A reader writes: “Where do you go for good burrata?”
What’s a burrata? It’s fresh mozzarella cheese stuffed with a fresh mozzarella curd, which maybe doesn’t sound very good, but it is. It’s really, really good. How good? Russ Parsons in the Los Angeles Times said it best: “Burrata is to mozzarella as foie gras is to chicken liver.” (His 2006 article also tells you everything you’d ever need to know about burrata.)
If you are not in the mood for reading, let me sum it up for you: Picture everything you love about fresh mozzarella—the creaminess, the lightness, the vaporous tang—and imagine it much lighter, much creamier, and much more vaporous.
Interested? Then report to Surdyk’s, which, as far as I know, has the only burrata in town. They even have the exact one that Parsons wrote about in the above article, from California’s Gioia Cheese Company.

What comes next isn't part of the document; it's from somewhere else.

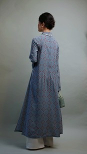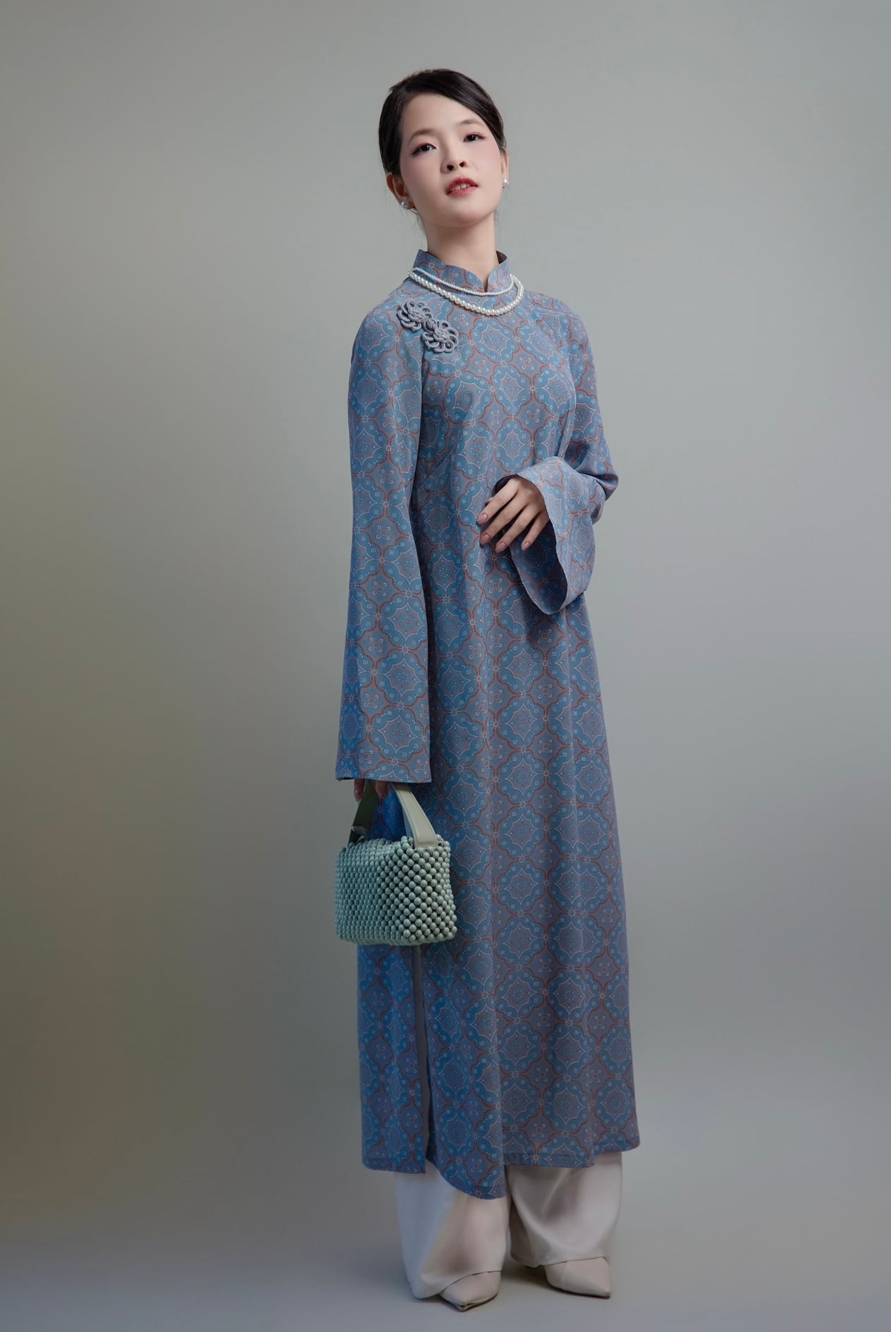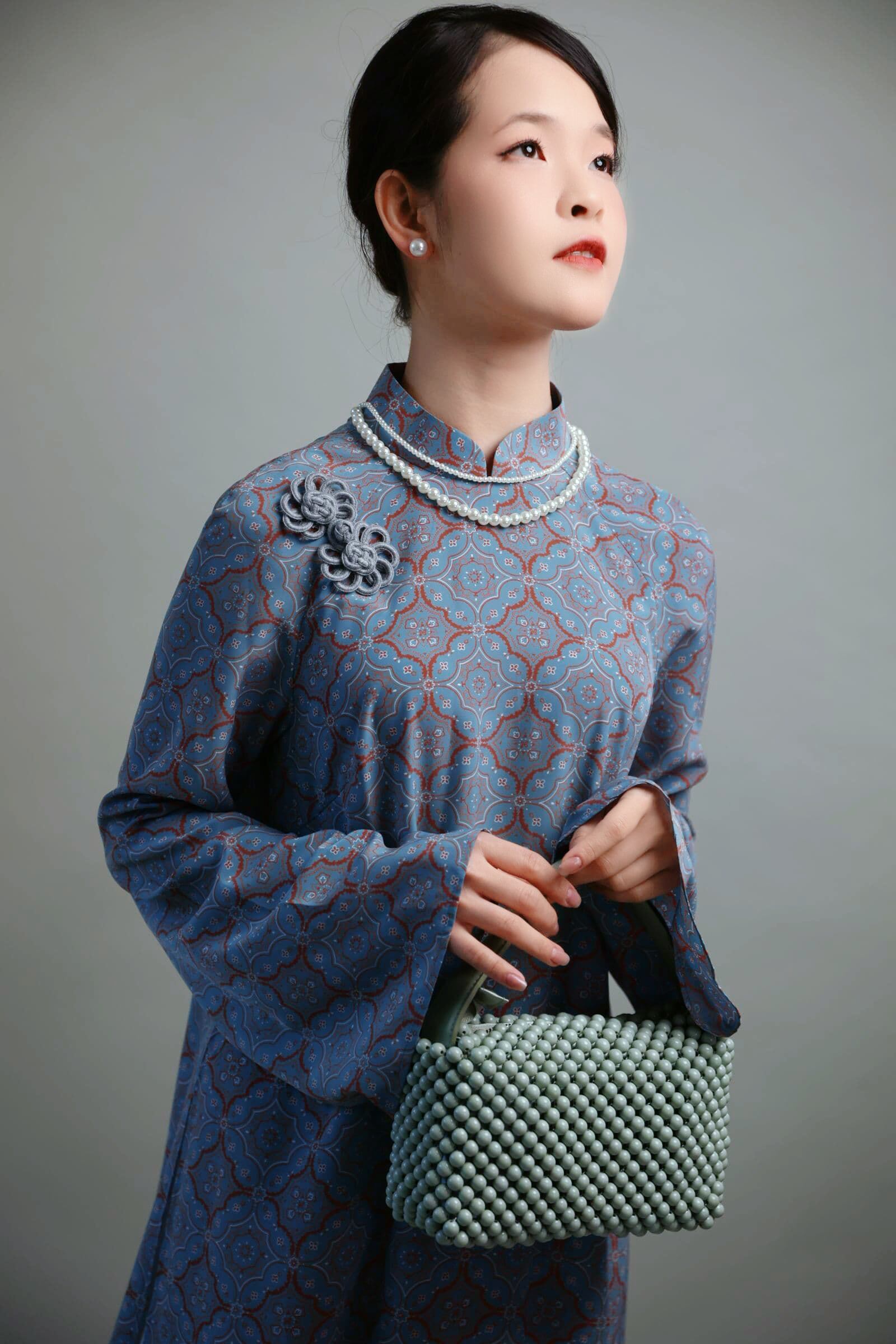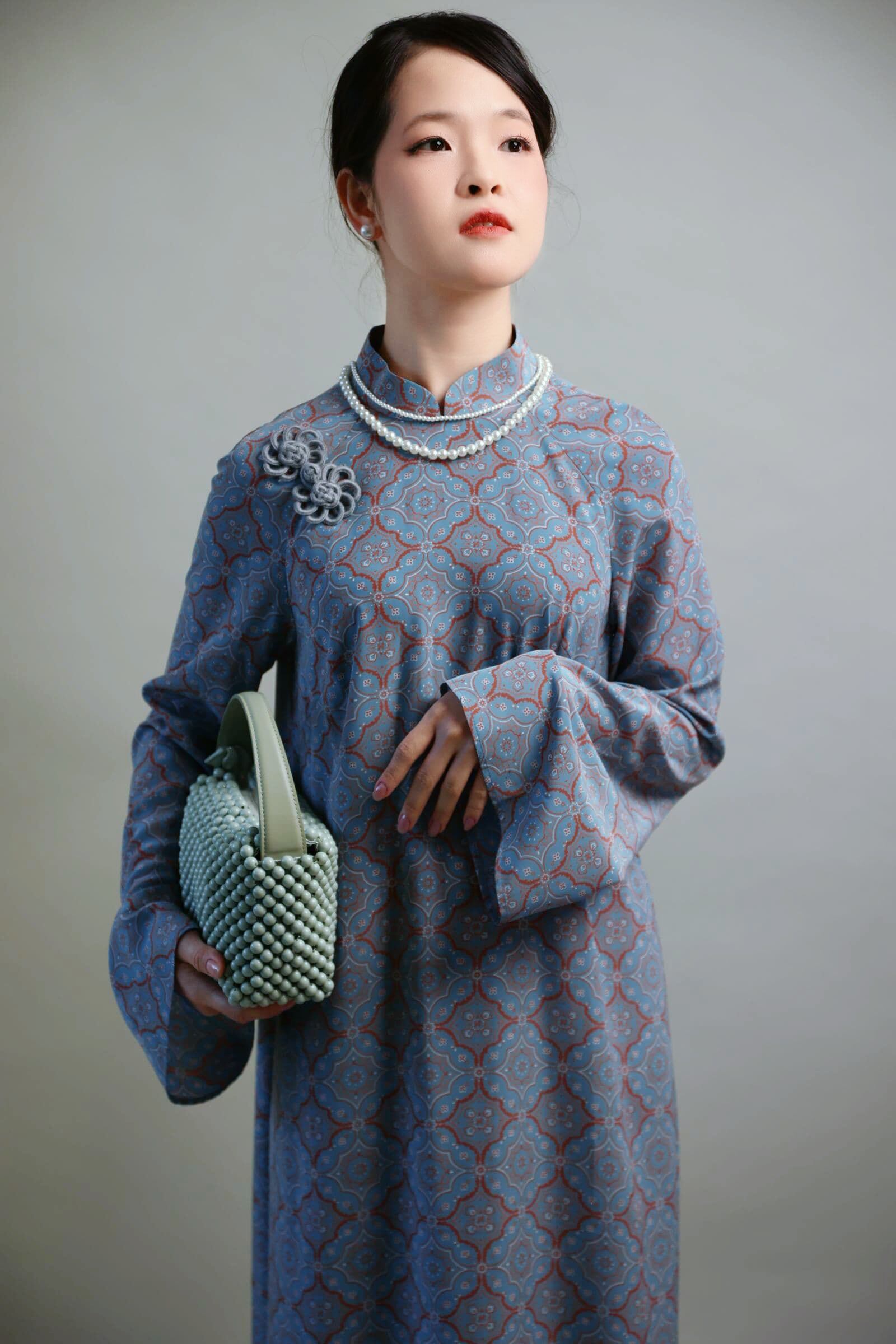 伝統的なスタンドカラーとワイドスリーブが女性らしく、動くたびに美しいラインを描きます。

However, don’t expect to swoop into Surdyk’s and find it just any old time. I spoke to Surdyk’s cheese buyer, Elise Olson, who told me that they get in an order of a dozen or so every two weeks (you buy the whole 14 to 16 ounce cheese), and that they tend to sell out the day they land. “Burrata is supposed to be eaten the day it’s made,” explains Olson.
However, if you call and request a burrata, Surdyk’s will call you when it arrives, so you don’t have to worry about missing the big day. Hey, it’s the foie gras of mozzarella. You’re not going to miss this chance, are you?
In other fresh mozzarella news….Oh wait, don’t you wish you were watching this on television, and a big squishy white graphic would pop up on the screen, and rotate while synthesizer music played, and splooshy fresh mozzarella sounds echoed, “We’re Live at Five, Your Trusted Name in Fresh Mozzarella News?” Well, then: To the Live Five Fresh Mozzarella Chopper!
Okay, enough of that. In other fresh mozzarella news, Olson informs me that Surdyk’s now carries real California water buffalo mozzarella from cheesemaker Bubalus Bubalis, which I believe is the United States’ only water buffalo cheesemaker.
In even more fresh mozzarella news, the stuff is on sale all July at Surdyk’s, just $7.99 for an 8-oz ball. “It’s just fantastic,” Olson told me. “It’s got a lot more depth and complexity than anything coming out of Italy.”
Really? I’m not going to get into that, because I know of at least one importer in town who brings in fresh Italian mozzarella—and would beg to differ.
Which reminds me! In other fresh mozzarella news, did you hear about the Mafia ties to Italy’s mozzarella industry, and how it resulted in elevated dioxin levels in the cheese?
Well, in our final bit of fresh mozzarella news this hour, the local importer of Italian mozzarella wants you to know that he gets his goods from Rome, not from Naples, where all the bad stuff is happening, so you can still eat Italian mozzarella without freaking out.
And remember, tomato season is coming, and you’ll want to have all your fresh mozzarella organized before it does.
When we come back from the break we’ll check in with the Live Five WeatherCenter to find out about our fresh mozzarella and burrata weather.